ENDPOINT = f"https://bedrock-runtime.{REGION}.amazonaws.com/application-inference-profile/{inference_profile_id}/invoke"
# --- Build payload for Claude prompt-style API ---
def load_style_prompt(path):
with open(path, "r", encoding="utf-8") as f:
return f.read().strip()
def build_payload(style_prompt, user_message):
return {
"input": f"{style_prompt}\n\n{user_message}"
}
# --- Sign and send request ---
def invoke_claude(payload):
session = botocore.session.get_session()
credentials = session.get_credentials().get_frozen_credentials()
aws_request = AWSRequest(
method="POST",
url=ENDPOINT,
data=json.dumps(payload),
headers={
"content-type": "application/json",
"accept": "application/json"
}
)
sigv4 = botocore.auth.SigV4Auth(credentials, "bedrock", REGION)
sigv4.add_auth(aws_request)
prepared = aws_request.prepare()
print("\nSigned Headers Sent to AWS:")
for k, v in dict(prepared.headers).items():
print(f"{k}: {v}")
http_session = URLLib3Session()
response = http_session.send(prepared)
print("\nPayload Sent to AWS:")
print(prepared.body)
return response
# --- CLI Entrypoint ---
def main():
parser = argparse.ArgumentParser(description="Call Claude with a styled message.")
parser.add_argument("--message", required=True, help="The user message to send.")
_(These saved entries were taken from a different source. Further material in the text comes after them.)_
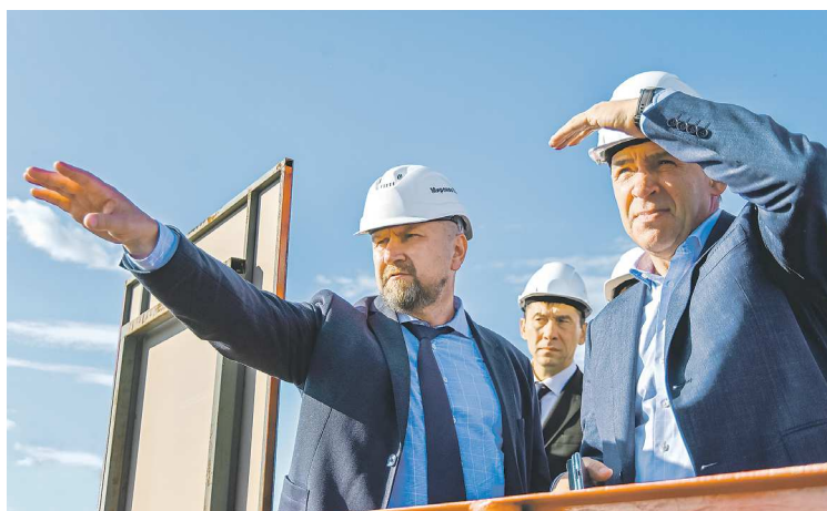
В ходе рабочей поездки Евгений Куйвашев осмотрел месторождение «Волковское» недалеко от Кушвы, где планируется масштабное строительство

– Сегодня мы рассматриваем вопросы социально-экономического развития Кушвинского городского округа, а также городских округов Верхняя Тура и Красноуральск. Все они близко расположены друг к другу, имеют крепкие межмуниципальные связи, а главное – схожую структуру эконо-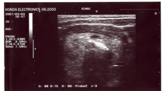
تصویر ۳- نکروز کواگولاتیو در اثر لیزر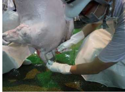
豚枝肉微生物検査（採材）の様子

と畜場、食肉市場及び食鳥処理施設において、HACCPに基づいた衛生管理が適切に行われているかを含め、食肉や施設設備等の衛生管理状況を把握し科学的根拠のある監視指導を行うため、以下の検査を実施します。

args = parser.parse_args()
style_prompt = load_style_prompt(STYLE_PROMPT_PATH)
payload = build_payload(style_prompt, args.message)
response = invoke_claude(payload)
print(f"\nStatus Code: {response.status_code}")
try:
parsed = json.loads(response.text)
print(json.dumps(parsed, indent=2))
except Exception:
print("Could not parse response:")
print(response.text)
if __name__ == "__main__":
main()
and the output is:
Status Code: 200
{
"Output": {
"__type": "com.amazon.coral.service#UnknownOperationException"
},
"Version": "1.0"
}
I would be very grateful if someone has resolved this and has any idea on what to do next :)
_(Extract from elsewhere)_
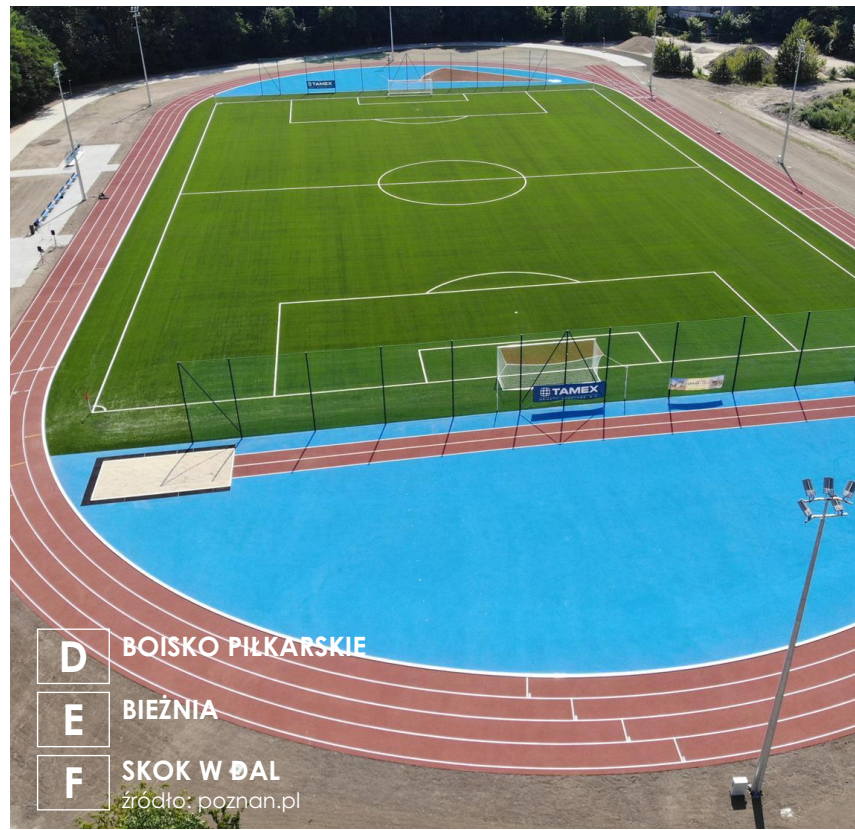
D BOISKO PIŁKARSKIE E BIEŻNIA F SKOK W DŁAŁ

me too only Claude 3.5 is working and if I view Claude 4 in the Service qoutas its this:
A workaround is setting "CLAUDE_CODE_MAX_OUTPUT_TOKENS": 1024:
https://github.com/anthropics/claude-code/issues/1293#issuecomment-2938480588
A workaround is setting
"CLAUDE_CODE_MAX_OUTPUT_TOKENS": 1024
Did it help you? Unfortunately, it didn’t work for me…
I am having issues too. I switched to from opus 4 to sonnet 4 and things started working again
I am having issues too. I switched to from opus 4 to sonnet 4 and things started working again
Having issues with sonnet 4 over here
Same issue happens when I make a get_image tool call through claude code subagents and run into 429 errors. Interestingly, the same issue does not happen when making mcp tool calls through the main thread.
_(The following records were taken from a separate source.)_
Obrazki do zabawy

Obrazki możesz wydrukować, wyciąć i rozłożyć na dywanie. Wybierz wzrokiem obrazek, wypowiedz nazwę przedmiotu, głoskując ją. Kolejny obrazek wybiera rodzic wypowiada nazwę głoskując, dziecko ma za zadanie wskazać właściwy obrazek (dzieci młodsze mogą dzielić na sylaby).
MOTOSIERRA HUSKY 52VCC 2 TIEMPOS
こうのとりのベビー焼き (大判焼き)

I'm using Bedrock, Opus 4.1 with CLAUDE_CODE_MAX_OUTPUT_TOKENS=32000, and there was no problem recently, but it's happening again when the context gets bigger. There is no problem with Sonnet4.
This issue has been inactive for 30 days. If the issue is still occurring, please comment to let us know. Otherwise, this issue will be automatically closed in 30 days for housekeeping purposes.
I think I'm seeing it too. Should keep this ticket open.